Essentially, American Gangster is really just a tarted up crime drama, although with such an extraordinary cast, and talented people behind the camera, it’s easy to see how they can make a silk purse from a sow’s ear. That’s not to say Stephen Zaillians script is crap: far from it. Zaillian, who previously worked with Ridley Scott by scripting Hannibal, writes in such a natural way, such a descriptive and evocative way, that the characters eke out their stories not by simply talking, but by talking and emoting, developing an relationship with the viewer, taking them on a journey. That journey begins with a simply, inelegant execution of a man by Lucas (flame and fury, cigar burning bright and gunfire ringing out in the dull glimmer of neon lighting) before the opening credits kick in. Lucas, forever the quiet, unassuming churchgoing gangster, has his rage elicited by thuggery and buffoonery: this is not a man who likes to use his own product, or have his own product used in front of him. No, Lucas seems to be a cat prowling through a cage of pigeons, his eyes flickering around to check nobody’s going to fly away. Frank maintains control of his organization through his brother, Hewey, played with wide-eyed steadiness by Chiwetel Ejiofor, who worked with Washington previously as his police partner in Inside Man. Zaillian’s script doesn’t simply tell us what we need to know; often, we have to work it out for ourselves. It’s not a pandering screenplay, it’s not one that caters to people who don’t want to think: it’s a smarty plotted, well written and beautiful example of a screenplay allowing a film to become molded by both cast and director, to be shaped into something it in itself could not have achieved.

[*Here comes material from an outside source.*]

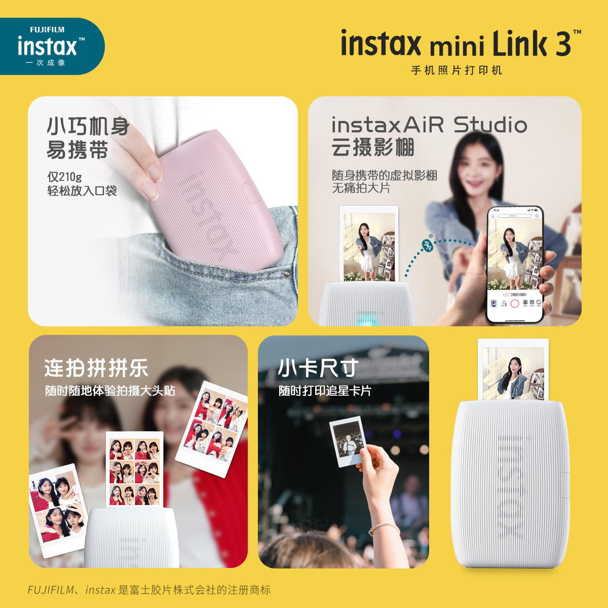 【24期免息】富士立拍立得mini link3迷你便携式手机照片口袋打印机热升华打印照片机可洗照片link2升级款

Washington is magnificent. He towers over the film like a giant, his presence whenever he’s on screen is palpable, almost raw, you get the sense of the seething rage barely contained with him as Lucas, his eyes convey the sorrow, the anger, the depths of desperation as his life goes from good, to great, to bad. Washington is ably supported by Crowe, although they never really get much chance to interact. Crowe’s role is not quite as powerful as Washington’s, although he delivers a steady, rock solid performance that’s just as convincing on a character-based level. Roberts is a difficult man to empathize with, or even sympathize with: his divorce and custody hearings don’t go well, although it’s hard to find it easy to side with him given the way he treats his wife. Carla Gugino, barely recognizable from her time in Sin City and those increasingly dire Spy Kids movies, is reduced to a mere bit-part in her role as Roberts wife.
The rest of the cast, which is a slew of big names and character actors, is superb too, backing up the leading men with roles that are believable, realistic, and not once wooden or ill-defined. Josh Brolin (who starred in Robert Rodriguez’s Grindhouse flick, Planet Terror) is a particular standout for me, in his role of corrupt cop Detective Trupo, who blackmails any and all the criminals he comes across. Trupo is a snake, a dirty dirty rat, to paraphrase a misquote from Cagney, who exists simply as a pimple on the sphincter of humanity; he’s got no qualms about taking what he wants, because he believes since he carries a gun and a badge, he is above the law. His gang of fellow cops take what they want, beat up who they want, and nobody touches them. Trupo is the antithesis of everything Roberts stands for: his opposite number, if you will.